In my family, Chex Mix (or Nuts and Bolts as it’s more commonly called here in Canada) was an absolute must at holiday parties — it’s easy to make in advance, stores well, and is usually enjoyed by all. For years I used to make my Grandma Ruby’s nuts and bolts recipe, but despite loving it as a kid, it never seemed quite savory enough. This year I changed it up, but I’ll get to that in a minute. First up: the music pairing.
Recipes for Chex Mix first started appearing on the back of Chex cereal boxes in 1952, so it seemed appropriate to pair this tasty mix with something from that era. Jimmy Boyd had a #1 hit with “I Saw Mommy Kissing Santa Claus” that year, but I’ve always found that song to be pretty creepy and I definitely don’t want to steer anyone the wrong way. Luckily, 1952 was also the year that the late great Burl Ives (best known as the snowman in the Rudolph the Red-Nosed Reindeer cartoon to anyone under 60) released his very first Christmas album: Christmas Day in the Morning. Featuring eight songs, mostly on the serious side (which, other than disco-ized versions, tend to be my favourite Christmas songs), this isn’t the “Holly Jolly Christmas” version of Burl that most people know and love. But man, it’s good stuff:
Though, not exactly the party music that you want to put on with your party Chex Mix, right? So, listen to the above when you need a solemn moment before your guests arrive. Then when the party gets going, turn it over to fun 1965 Burl:
Now, back to the mix itself. Like I said, I used to always follow my Grandma’s recipe to the letter (because she was a wise woman well versed in the arts of mid-centry cooking), but this year I tried something different and I won’t go back. I made my mix in the slow cooker (which strangely, works much better than a low level oven when it comes to infusing your cereal and snack bits with buttery goodness). I also added in a spice mix that I had in my cupboard, leftover from another recipe, but any slightly spicy seasoning salt will work (anything with the word “Cajun” on the label should do just fine) and omitted the barbeque peanuts found in most mixes so that my kids could take the leftovers to school as a snack.

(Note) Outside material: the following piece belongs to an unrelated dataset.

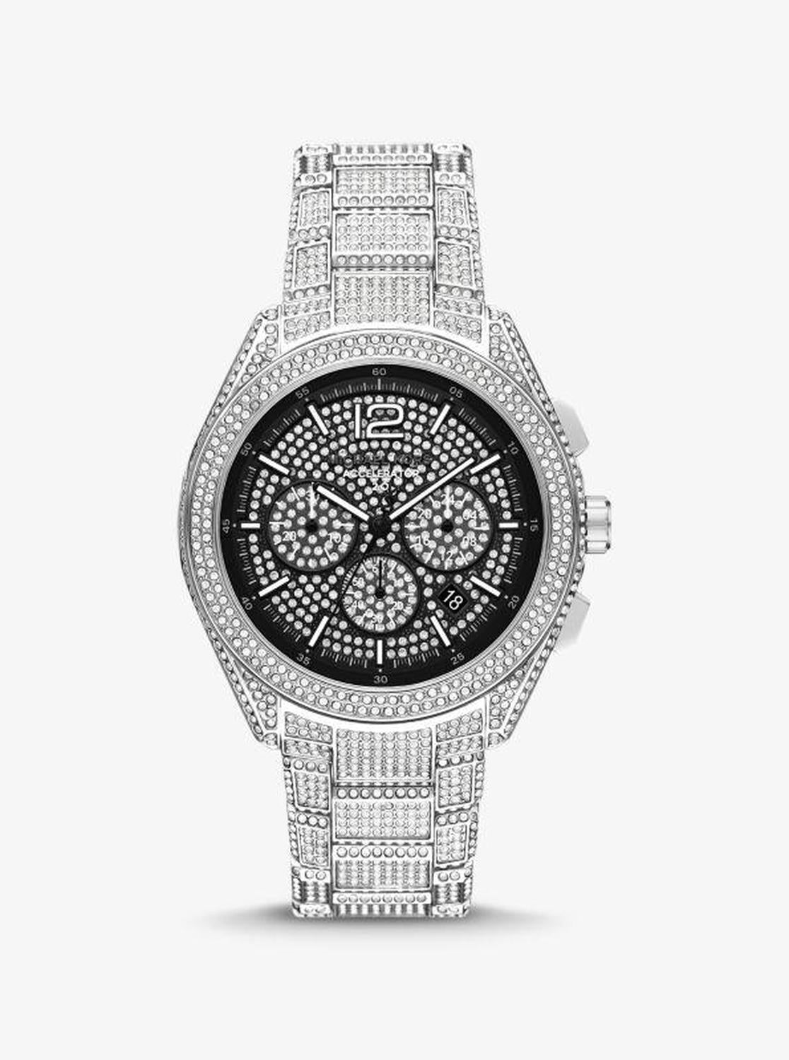 • Meet the Accelerator 2.0. Made from silver-tone stainless steel, this oversized style encourages you to go for the bold. Sparkling pavé comes together with a sporty face that features sleek hour markers, a date dial and a chronograph movement.
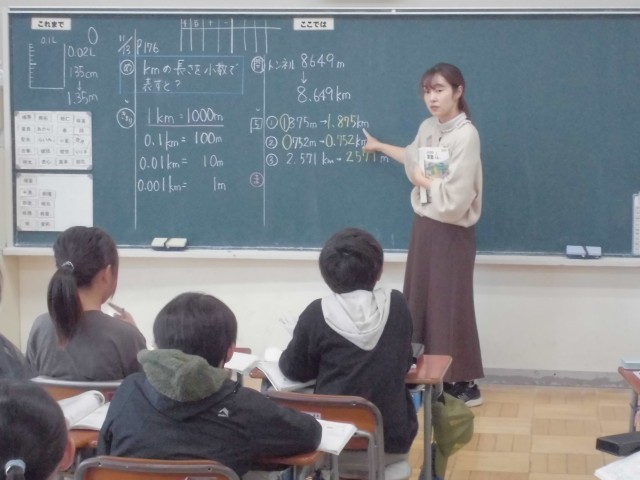 これまで学習してきたことをフル活用して、Kmやmの長さの単位を小数で表す学習を進めます。

Finally — and this surprised me too — I accidentally bought honey flavoured off-brand Cheerios rather than the regular kind, and the sweetness goes really well with the spice blend and the saltiness of the other snacks.
A note about Bugles: Bugles are a must when it comes to this stuff. The absorb the butter nicely and give you the opportunity to bit off the end and then pretend to play along to whatever music is playing. Bugles were discontinued in Canada in 2011 to the horror of just about everyone — the public outcry was so intense that General Mills brought them back. Thank goodness!
Slow Cooker Chex Mix
6 cups Chex Mix Cereal
3 cups Honey-Os Cereal (you can use Honey Nut Cheerios if you’re not worried about it being nut-free)
3 cups Bugles
3 cups pretzel sticks
1 cup melted butter
3 tbsp Worcestershire sauce
2 1/2 tsp spice mix or Cajun seasoning
Mix all of the dry ingredients together in a 6-quart (or bigger) slow cooker. Stir the Worcestershire and spice mix into the melted butter, then pour evenly over the slow cooker mix. Toss it with a big spoon and fork to get it as evenly distributed as possible. Cook uncovered on high for 90 minutes, stirring every 10 minutes or so, making sure that you cycle the cereal on the bottom to the top so that it doesn’t burn. Turn down the slow cooker to low and cook for another 20 minutes, still stirring. Stores well in a airtight container for a couple of weeks. Makes: 15 cups, or enough for a very large party (or a smaller party with leftovers to stick in Mason jars to bring to other parties as hostess gifts).